Paul Jones

Personal information
- Born: July 3, 1989 (age 36) Kent, Washington
- Nationality: American
- Listed height: 6 ft 4 in (1.93 m)
- Listed weight: 193 lb (88 kg)

Career information
- High school: Kent-Meridian (Kent, Washington)
- College: Whatcom CC (2009–2011); Western Washington (2011–2013);
- NBA draft: 2013: undrafted
- Playing career: 2013–present
- Position: Small forward

Career history
- 2013–2014: Hub Jets
- 2014–2015: Bohemios Montevideo
- 2015: Mineros de Caborca
- 2015–2016: Ironi Ashkelon
- 2016: Aries Trikla
- 2017: Águilas Doradas de Durango
- 2017–2018: Haukar
- 2018: Stjarnan

Career highlights
- First-team All-GNAC (2013);

= Paul Jones (basketball) =

American basketball player (born 1989)

Paul Anthony Jones III (born July 3, 1989) is an American professional basketball player. Standing at 1.98 m, he plays the small forward position. After two years at Whatcom Community College and Western Washington College each, Jones entered the 2013 NBA draft but was not selected in the draft's two rounds.

==High school career==
Jones played high school basketball at Kent-Meridian High School, in Kent, Washington.

==College career==
Jones played college basketball at Whatcom Community College from 2009 to 2011 and at Western Washington University with Western Washington Vikings each from 2011 to 2013.

==Professional career==
On October 8, Jones signed with Haukar of the Icelandic Úrvalsdeild karla. In 30 games for Haukar, Jones averaged 18.2 points and 7.3 rebounds, helping them to the best record during the regular season and a trip to the semi-finals in the playoffs, where they lost to eventual champions KR.
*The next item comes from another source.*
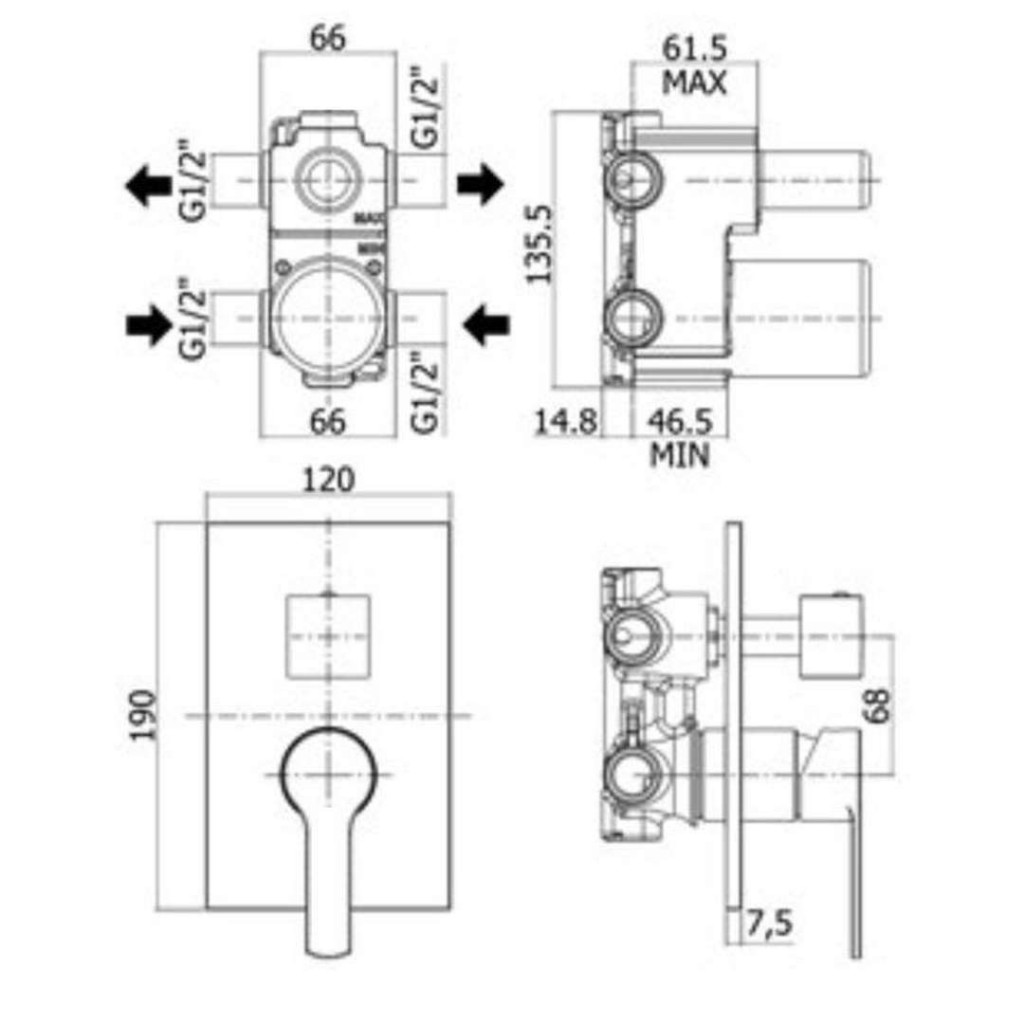 Sprchová páková batéria s otočným prepínačom vrátane podomietkového telesa pre 2 vývody

In August 2018, Jones signed with Stjarnan of the Úrvalsdeild karla. After a disappointing start for Stjarnan, who were predicted as the favorites to win the national championship prior to the season, Jones was released in December in a roster overhaul. In 10 games for Stjarnan, he was the team's leading scorer with 20.2 points per game while also averaging 7.1 rebounds and shooting 40.0% from the three-point range.

In August 2021, Jones signed with Haukar. In end of September 2021, it was reported that he would to play for the team in the upcoming season.